But all of a sudden it didn't feel like that any more. It was like somethin' smolderin' in me, and I began to change, to get mad. After seein' it over and over in my mind, I was beginnin' to really hate Sylvia for bein' so angry and mean. It was almost like she'd been savin' it up, and let it all go at once. The ache in my heart went away, and I got a cold fire in my belly.

I sat and calmed myself down and cooled off 'til Brodie came back. He put some groceries down on the table. "I'll put some of this stuff in Sylvia's fridge in her trailer," he said.
"Brodie, I think we oughta get rid of her," I told him.
He looked surprised. "Why, Earl?"
"I don't like her. I think she's gonna be trouble to us."
Brodie laughed. "Don't like her? Don't gimme that! I see how you look at her. She's good for business, buddy."
"Listen, Brodie," I said, "me and you been together almost seven years. We never had no girl in the act before and we don't need one now. We got us a fifty-fifty partnership here, and I want her out. Pay her off, let her keep the clothes, pay her a couple weeks ahead and let's us just get her the hell out of here."

Brodie looked at me kind of funny. "O. K., Earl. If that's how you feel. We'll let her work out the week here, and then we'll find a way to let her go."
I felt a lot better all of a sudden. I wondered if Sylvia would tell Brodie what happened that mornin', and I hope she wouldn't, but I didn't really care.

That afternoon we did our show, and Sylvia wiggled all around for the marks, but she didn't actually touch me like she usually did. That was O. K. with me. I didn't even look at her unless I had to, and then I wondered how I could've ever felt anythin' for her. I really hated her.

We had a pretty good day, and the night shows were even better. When we finished, Brodie helped me back to our trailer and helped me undress and get into bed. He said "I'm gonna go over to Sylvia's for a while, Earl. Yell if you need me."

"You tell her yet, Brodie? She know she's all done after Sunday?"
"I'm gonna tell her tonight, Earl. You rest up, now. Get some sleep, buddy."

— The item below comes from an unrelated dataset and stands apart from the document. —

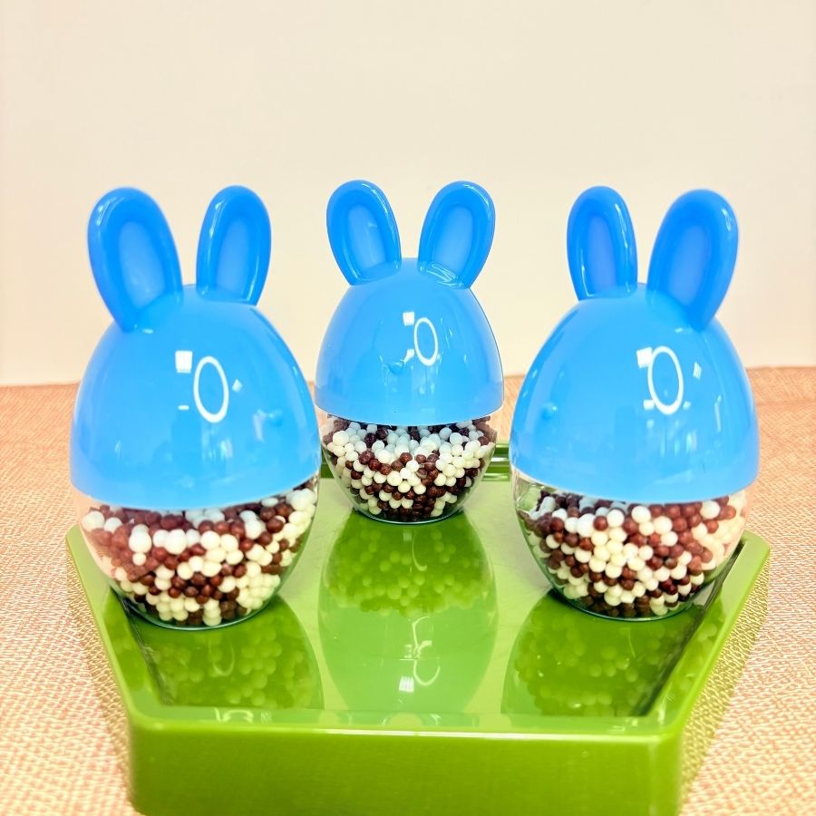 O Potinho de Páscoa com Orelha de Coelho - Azul - 9x5,5cm é a escolha ideal para quem deseja adicionar um toque de criatividade e alegria ao presente de Páscoa.

He left, and I guess I dropped off pretty soon after that. I usually sleep seven or eight hours at a stretch, so I was surprised to see that it was only about an hour later. Brodie's bunk was empty, so I figured he was still in Sylvia's trailer. I wondered what was goin' on over there. I could hear laughter coming from over there, but I couldn't make out their words. I got my pants from the foot of the bed and put them on. It took about ten minutes to do that by myself, and I thought to hell with the shirt and stuff. I grabbed my jacket off the rack. I couldn't do my shoes and socks, so I went barefoot. I got down from the trailer real careful. I walk slow, so it took me a little while to go the 50 or 60 feet to Sylvia's place-- especially barefoot.

I came up to the back of the trailer, and heard Brodie say "No wonder he told me to fire you! What the hell did he think he was gonna do?"
"What do you think?" Sylvia asked. "The same thing you been doing for the past few weeks, Brodie."

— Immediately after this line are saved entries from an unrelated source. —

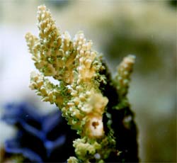 · 1 Acropora sp. (muricata?) colore verde/rosa con apici chiari (rametto riprodotto)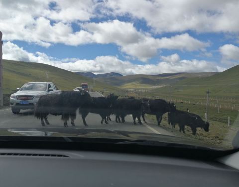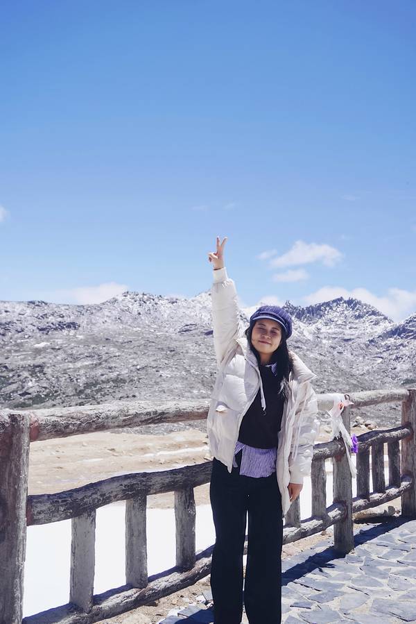这里海拔4700m,狂风呼啸,远处安坐山顶的小兔子注视着对面被冻成狗的我们像一只小兔子~山顶风大,依然吹不倒玲姐的剪刀手还是人少,又承包了这里兔儿山出来,往理塘方向走,还有一处叫喜鹊海的海子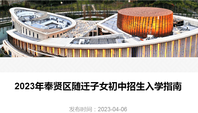 原文标题:2023年奉贤区随迁子女初中招生入学指南
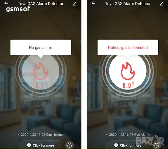 Дистанционен 24 часов мониторинг от телефона. Ще ви уведоми при наличието на изтичане на газ по всяко време, навсякъде през приложението Smartlife или Tuya;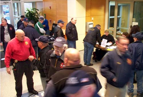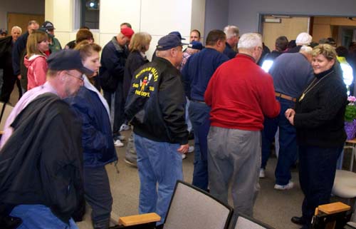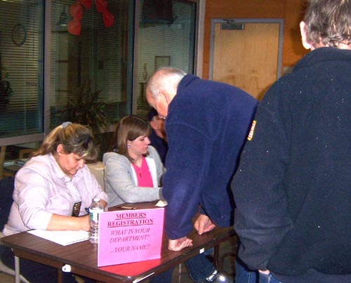 Secretary McGoorty and other PNWFPA officers register attendees and accept dues. Several new fire police also took the occasion to join the Association. Attendance was just under 150 first responders. | |

They both laughed. I stood there wishin' I had something to lean on, but not touchin' the trailer. My feet and legs hurt from standin' there, but I wanted to hear it.
"So what about Sunday, Brodie? What're you gonna tell him?"
"I'll string him along, tell him you're leaving. By then I'll have managed to change his mind for him. I think it might be a good idea, baby, if you sort of play up to him a little. Maybe give him a look every now and then. Maybe even apologize to him for what you said. That might help make him want to keep you around. The fat bastard's sweet on you, I know he is. Whattaya say?"
"He makes me sick, Brodie. All that damned fat, and the way he wheezes..."
"Dammit, Sylvia! It's not gonna be forever. If you can stick it out with me for maybe a year, we can cash in."

What did he mean by that, I wondered? I found out right away.
"You think it'll take him that long to die? A year?" Sylvia asked.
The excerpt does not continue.